Progress to date on Trading Consequences Visualizations

Up here in St Andrews we are in the process of exploring several routes to visualize the vast amount of commodity data that have been extracted from the historical archives by our colleagues from the University of Edinburgh.

Research in environmental history can be an open-ended process where research questions are formed and refined as part of working with the available data (i.e. historic documents). Our goal is therefore the development of visualization concepts that will reveal a range of temporal, geographic and content-related perspectives on the commodity data, and that will highlight different conceptual angles and relations within the data. Such “interlinked” visualization perspectives can provide an overview of the entire dataset and, at the same time, act as probes to explore certain aspects of the commodity data in more detail. Using this approach we aim to support more open-ended explorations of the commodity data as well as providing easy access to specific documents of interest.

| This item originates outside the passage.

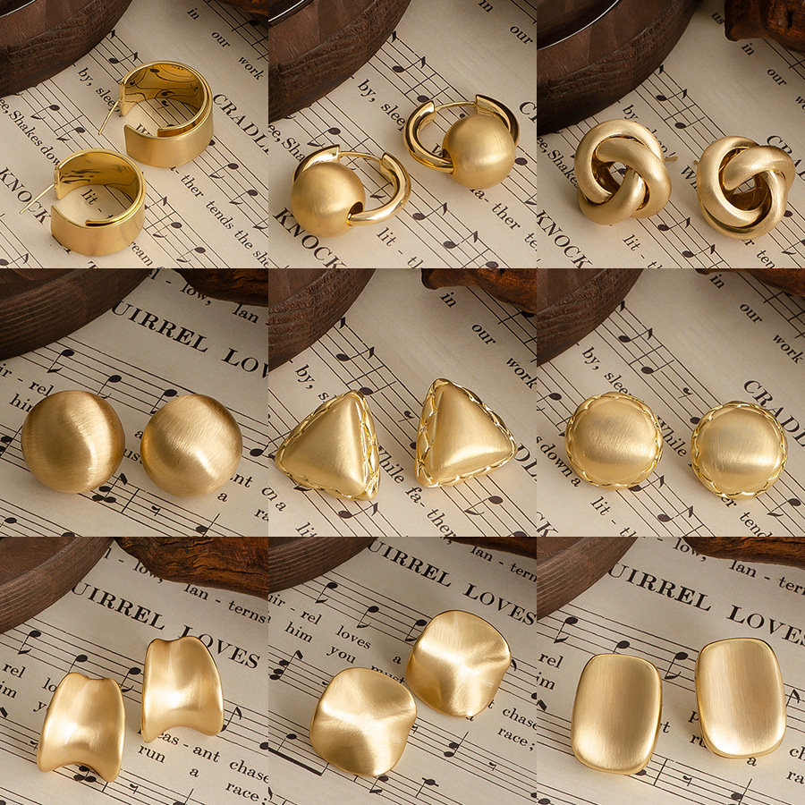 欧米ins風s925銀針伸線幾何学立体高級感軽贅沢イヤリングピアス
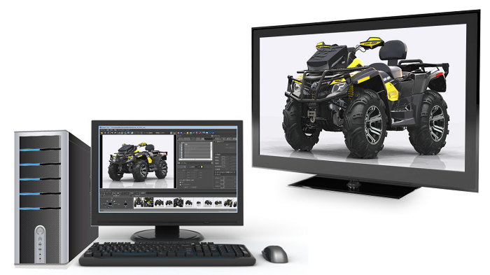 キーフレーム・タイムラインに対して任意のカメラ位置を登録する事で自動的にスムーズなカメラパスアニメーションが作成できます。この他にも、オブジェクトの移動・回転アニメーションやマテリアル及び3Dモデルの切替アニメーションなど各キーフレーム毎のシーン設定によりアニメーション製作を簡単に実現します。また、圧縮/非圧縮のムービーファイルをダイレクトに出力する事が可能です。

Our design process so far has been driven by discussions with Jim and Colin, paper sketches to iterate on certain visualization ideas and some literature research on information visualization and digital humanities.

Discussions with Jim and Colin revealed that the temporal and geographic aspects of the data are central to their research but always in close combination with commodity types and their relations to each other. This resulted in several paper sketches, as you can see below, to explore how these particular aspects could be visually expressed and augmented with interactive features.

We also created (static) computational sketches (shown below) based on samples from the actual database. At the same time, our collaborators from EDINA created an interface to the database that allowed interrogating the data through textual queries and list views.

Both these approaches allowed use to explore the character of the data and potential visualization challenges that this introduces.

The implementation of a web-based visualization prototype that combines the ideas from our early design explorations is currently in full swing. This prototype is based on the popular visualization library d3.js. We are closely collaborating with the teams from Toronto and Edinburgh on iterating  its design and implementation.

Moving from questions and the interests of researchers in environmental history to interactive visualizations which support digging into data with fluid and commodity oriented inquiries is a process on continual refinement and the exploration of small and large interaction research questions.

Putting it all together: first attempt

Within Trading Consequences, our intention is to develop a series of prototypes for the overall system. Initially, these will have limited functionality, but will then become increasingly powerful. We have just reached the point of building our first such prototype. Here’s a picture of the overall architecture:

Text Mining

Our project team has delivered the first prototype of the Trading Consequences system. The system takes in documents from a number of different collections. The Text Mining component consists of an initial preprocessing stage which converts each document to a consistent XML format. Depending on the corpus that we’re processing, a language identification step may be performed to ensure that the current document is in English. (We plan to also look at French documents later in the project.) The OCR-ed text is then automatically improved by correcting and normalising a number of issues.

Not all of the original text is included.